Professionals guarding the signal that carries their name and giving away the one that carries effort, robustness rankings that reverse when the scaffold changes, and a tool failure that arrives in the expected format.

How we organise

What generative AI does to the signals colleagues read off each other

Across 1,250 workplace interviews, two signals came apart. Professionals defend provenance, because their name is on the work. About investment, the effort behind it, they are candid to the point of comfort: the model does the work and the delivered thing looks as it always did.

We have argued that a person’s level should rest on work they have shipped, because another person can go and check it. If what arrives no longer carries the effort behind it, that test passes on somebody whose judgement nobody watched. It is self-report, so nobody was deceived.

How we build

Rewriting the code around an agent without changing what it does

Working codebases were rewritten into an equivalent form: reshaped control flow, dead code, renamed identifiers. Most agents degraded a little, and the worst lost 6.7 points of resolve rate. No ranking of models by robustness survived a change of scaffold.

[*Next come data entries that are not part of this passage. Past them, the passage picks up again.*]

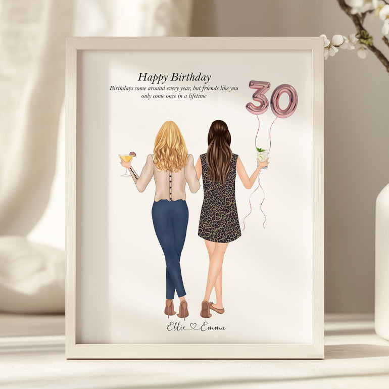 30th Birthday Gift for Her - Personalised Friendship Portrait Balloon Print
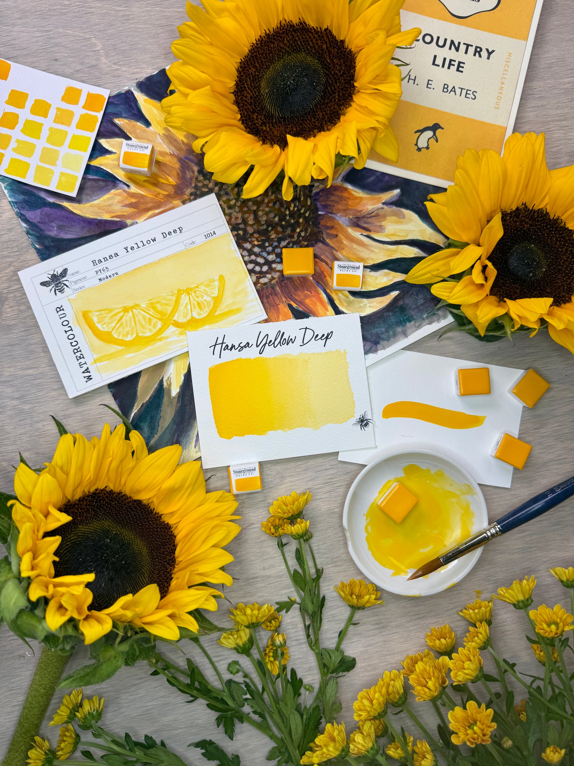 A bright primary yellow, and a versatile all-around workhorse, Hansa Yellow mixes well with other watercolours, and is the perfect replacement for toxic Cadmium pigments. Hansa Yellow is one of our best-selling colours, working well in landscapes, botanicals, still life compositions, and illustration work.
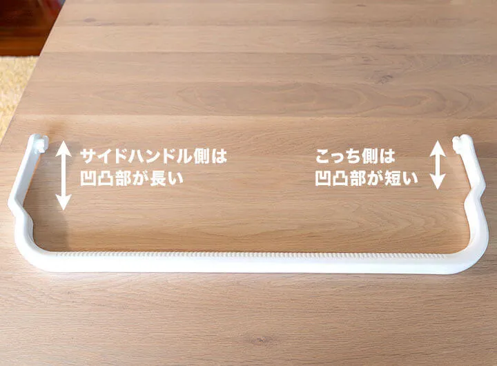 長さも充分にあり持ちやすいです。サイドハンドルにも干渉しないようにデザインされている点と、ハンドルを真上にした時に仮固定される点が良いです。ハンドルは取り外し出来ますが、クーラーの形状的に取り付けの向きは決まっていて、凹凸部が長い方がサイドハンドル側です。
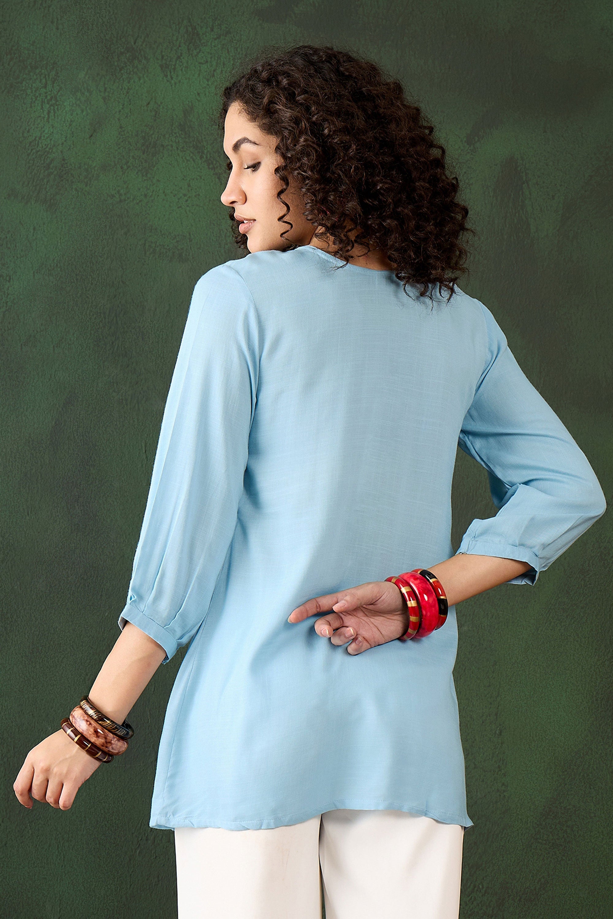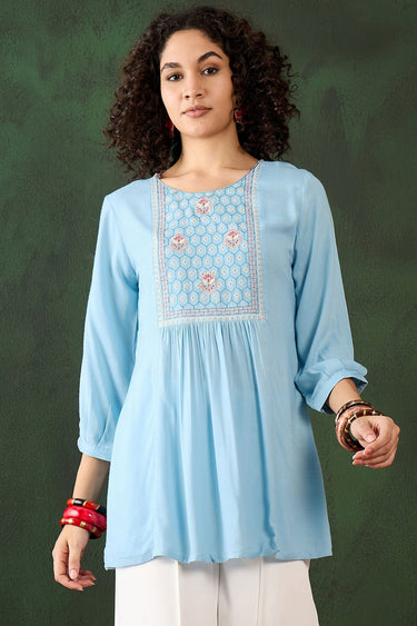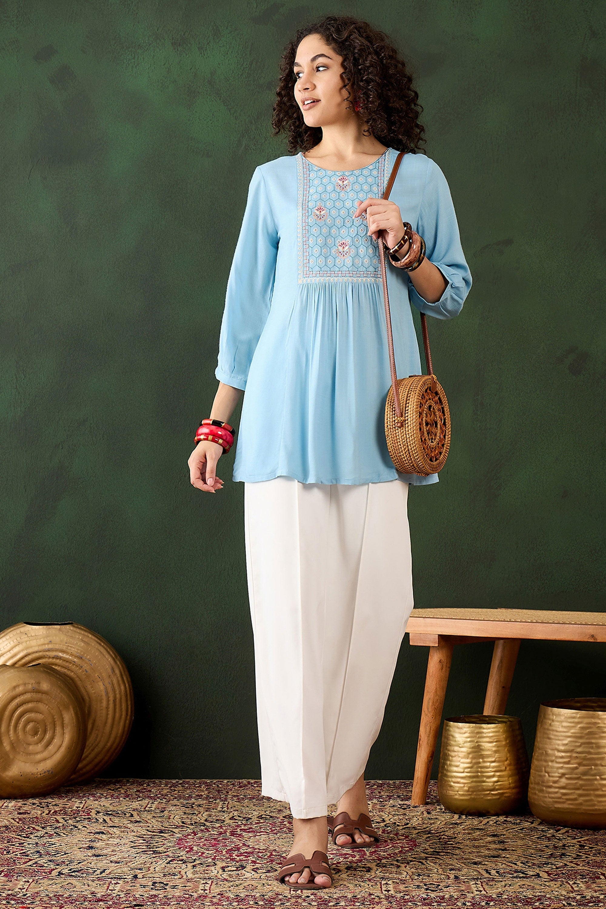Embroidered Work Sky Blue Color Rayon Fabric Beauteous Short Kurti
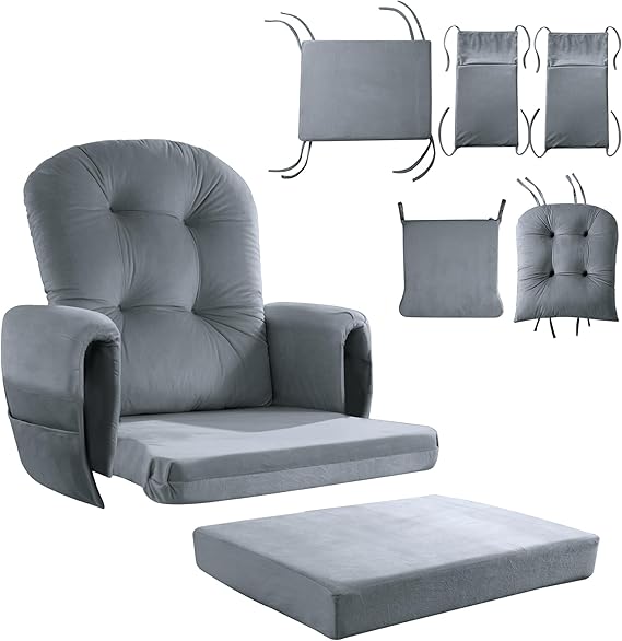 The HOMS 5-Piece Glider Rocker Replacement Cushions Set is designed to transform your rocking chair experience by providing plush support and ergonomic comfort. Crafted with soft velvet fabric and filled with high-resilience foam and microfiber, these cushions offer long-lasting softness that contours perfectly to your spine, hips, and ankles. Whether you’re reading, relaxing, or soothing your baby, this cushion set enhances your comfort during every glide.
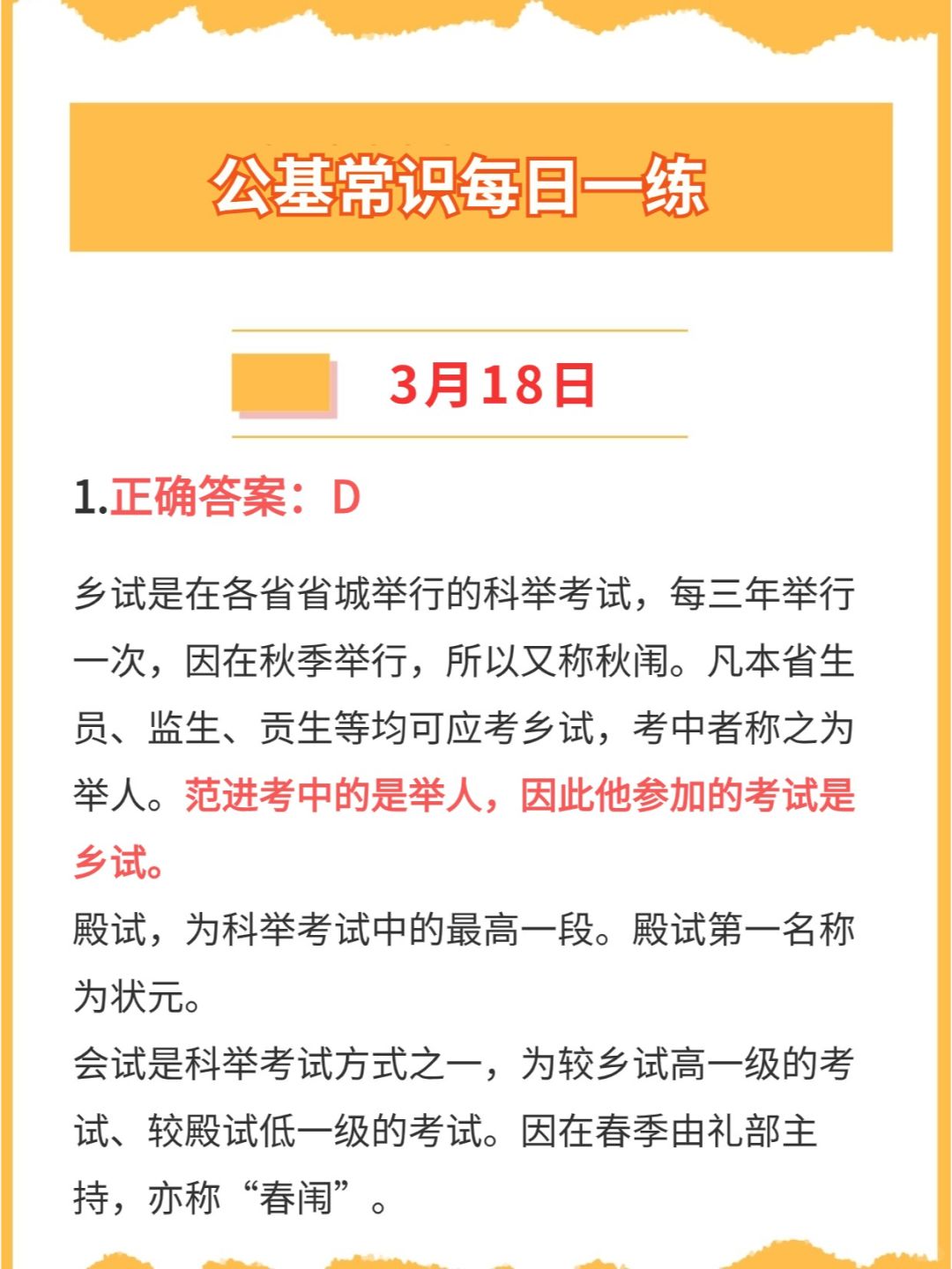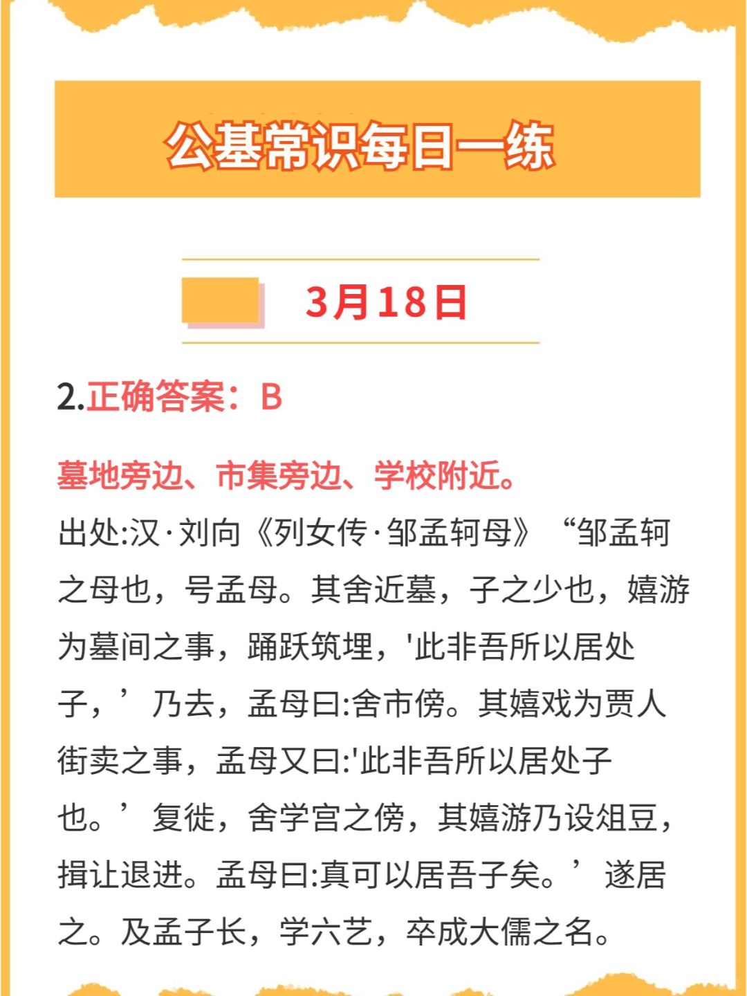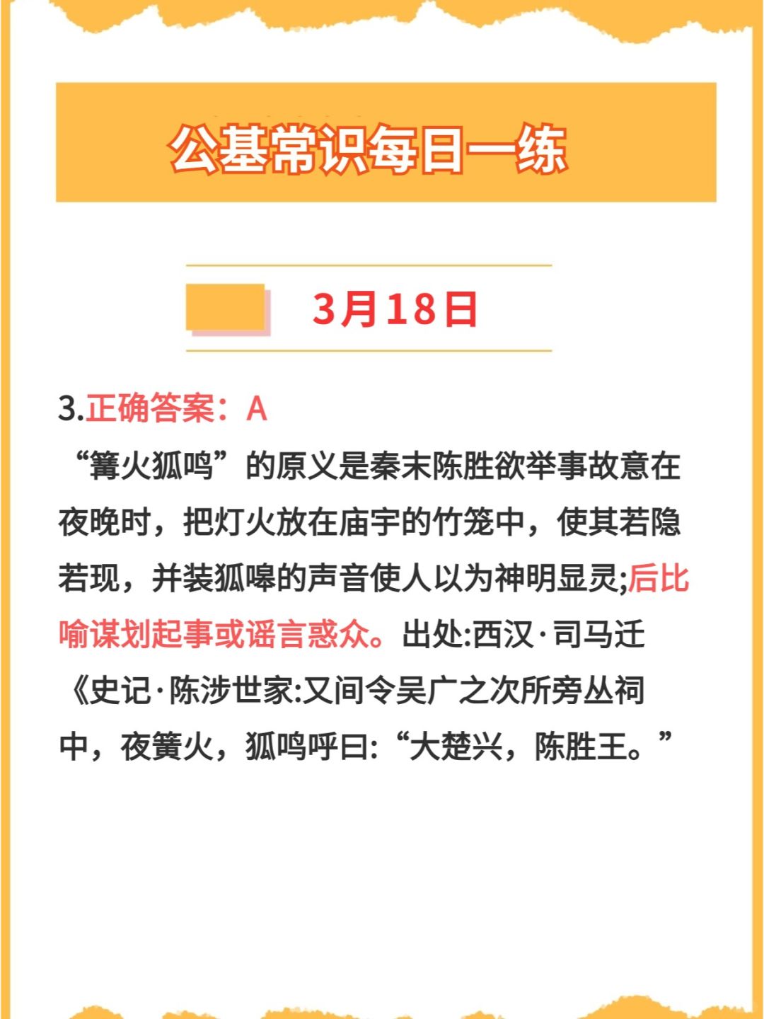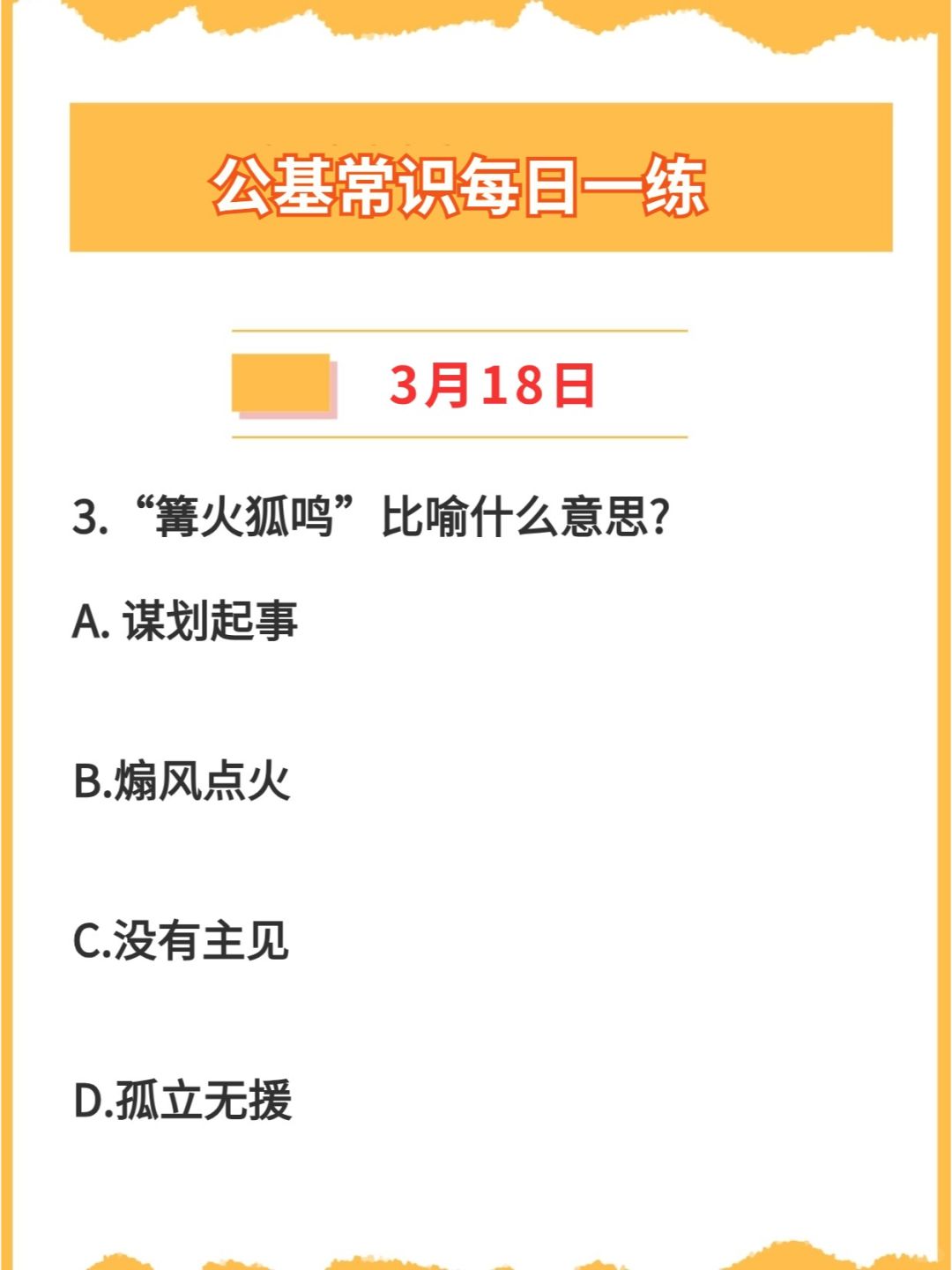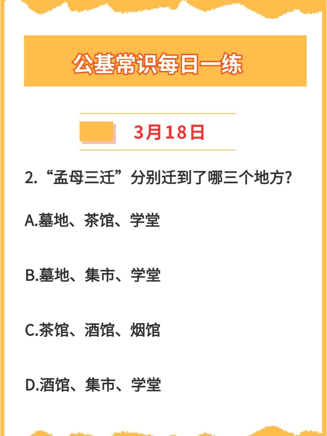 “孟母三迁”分别迁到了哪三个地方? A.墓地、茶馆、学堂 B.墓地、集市、学堂 C.茶馆、酒馆、烟馆 D.酒馆、集市、学堂 “范进中举”中范进参加的是什么考试 A. 殿试 B. 会试 C. 院试 D.乡试 “篝火狐鸣”比喻什么意思? A. 谋划起事 B.煽风点火 C.没有主见 D.孤立无援
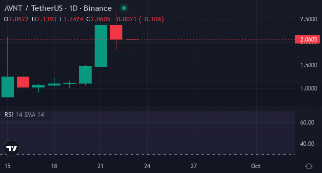 AVNT notuje imponującą passę. Moneta wzrosła o 65,53% w ciągu ostatnich 7 dni i aż o 835,41% zarówno w ostatnim miesiącu, jak i w ciągu 6 miesięcy. Ten rajd przesunął cenę w szeroki przedział 1,27–2,97 USD, utrzymując traderów w gotowości na kolejne wybicie.
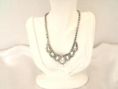 BEAUTIFUL VINTAGE AB RHINESTONE MILK GLASS NECKLACE
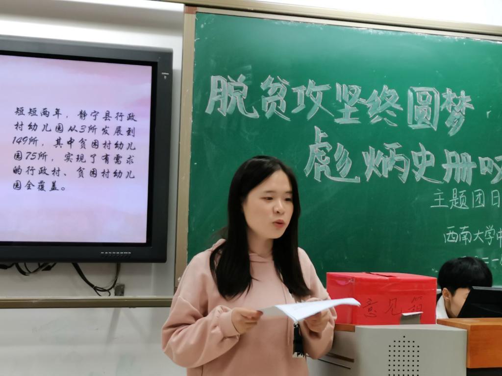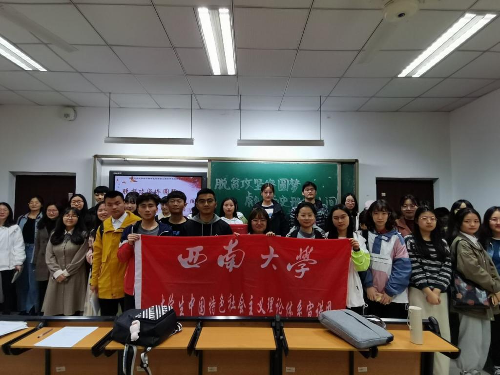 贫困是人类社会的顽疾,反贫困始终是古今中外治国安邦的一件大事。为深入了解脱贫攻坚的卓越成就,使团员加深对中华民族伟大复兴中国梦的理解,切实感悟党的初心使命,大力弘扬脱贫攻坚精神,yl8858永利集团大学生中国特色社会主义理论体系宣讲团团支部(以下简称“学生宣讲团”)于3月23日22:10在yl88858永利中国研究生教室一开展了以“脱贫攻坚终圆梦,彪炳史册叹人间”为主题的团日活动。
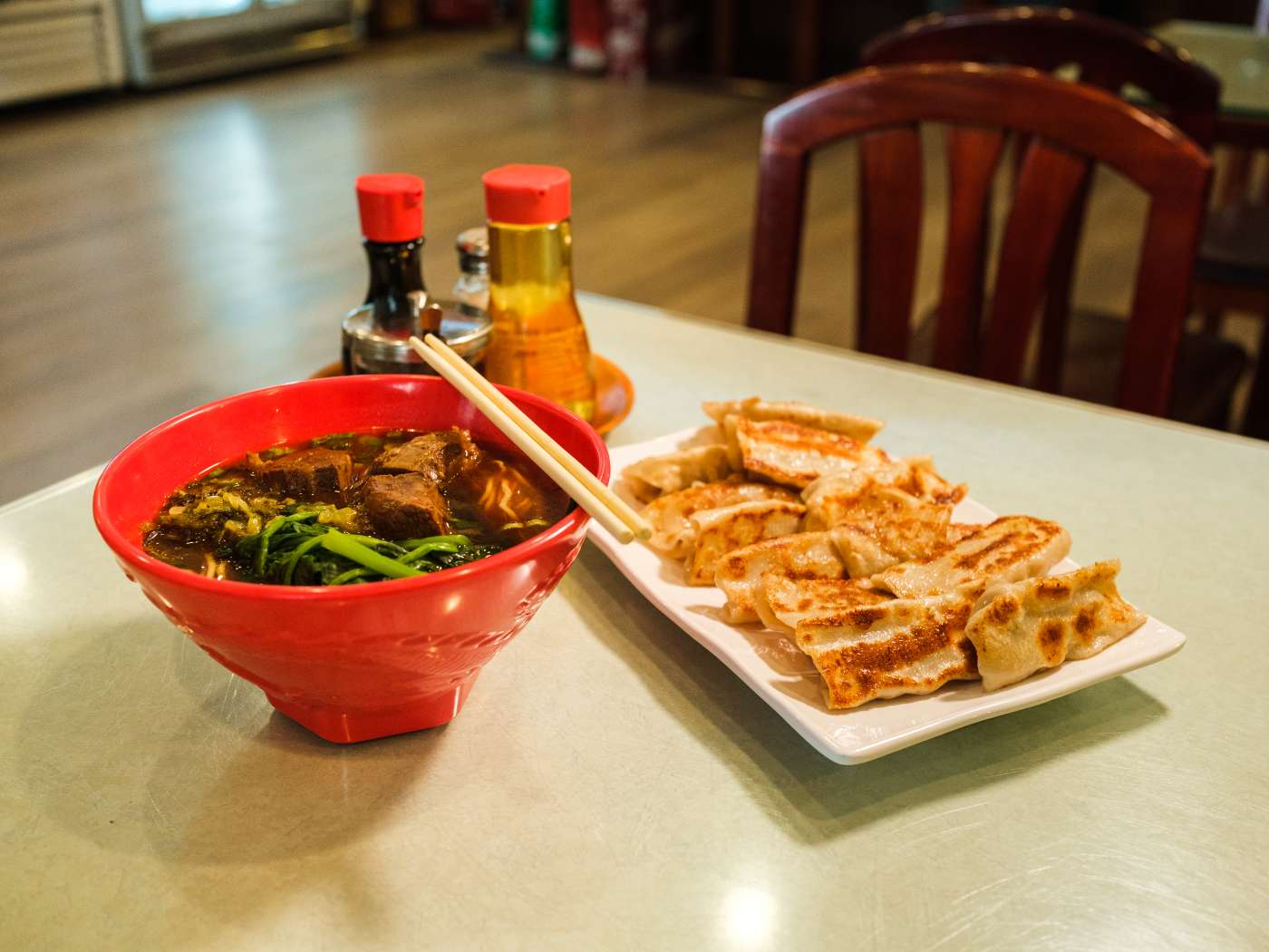 Noodles, dumplings, potstickers, and roast beef noodle soup
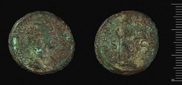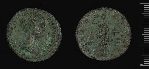 Curator: It's incredible how much history is embedded within this small object. This is a coin, dating back to the time of Gordian III. Editor: There is something incredibly poignant about the patina of age on this coin. It almost feels like a fossil. Curator: The coin's materiality speaks volumes; its metallic composition facilitated not just trade but also the tangible projection of imperial power and ideology. The labor invested in minting such objects circulated symbolic value, reinforcing hierarchies. Editor: And it’s fascinating to consider this coin as a form of propaganda, especially in the context of Roman imperial power. Whose faces got to be immortalized? What messages were they trying to send? Curator: Precisely! These coins serve as a window into the economic and political systems that shaped ancient societies. Editor: Seeing this coin makes me think about the legacy of Roman rule and its impact on contemporary notions of power, representation, and value. Thank you! Curator: Indeed, examining this coin through multiple lenses allows us to appreciate its historical weight, both literally and figuratively.
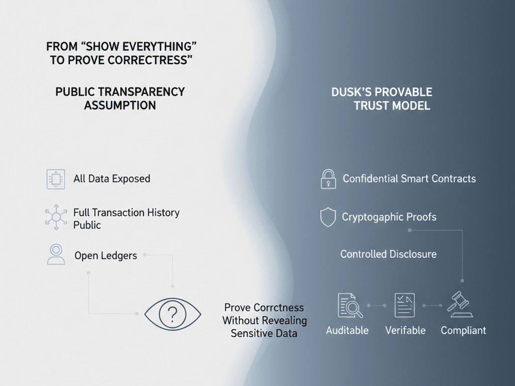 Privacidade e conformidade não são opostas, mas complementares. A filosofia de design do Dusk é simples, mas poderosa. Em finanças reais, transparência não significa 'tudo público'. Dados de acionistas, posições, detalhes de liquidação - tudo isso é restrito e essa restrição não quebra a confiança, mas a constrói. A arquitetura do Dusk é construída em torno dessa realidade: contratos inteligentes confidenciais são executados, dados sensíveis não são públicos, mas quando uma auditoria ou verificação legal é necessária, a correção pode ser provada - sem revelar todo o sistema. Por isso, o Dusk é relevante para bancos, exchanges reguladas e instituições financeiras. Aqui, a fonte de confiança não é 'mostre tudo', mas 'as regras foram seguidas? - prove'.

One model ranked among the most robust under one harness and the least under another.

Our position is that a skill’s suite includes properties that must hold whatever the input; semantic equivalence is one. Nothing here disputes that. It shows what a pass leaves out: a result has to record the scaffold it came from. The drops are single-digit.

How we assure

Monitors on the return path of a tool call

A timeout is a visible failure and an agent routes around it, while a cached error page arrives in the expected format and is read as fact. Monitors that check each return against a contract raised completion from 10.9 per cent to 28.1. Strip the recovery tools out of the receipt and the gain goes.

We judge a tool by what it hands back, and check that before it reaches the model. The paper bears that out, then goes past us: checking is not the part that helps, and naming what the agent may do next is. Outside the vocabulary the monitors were mined from, detection fell to 46 per cent.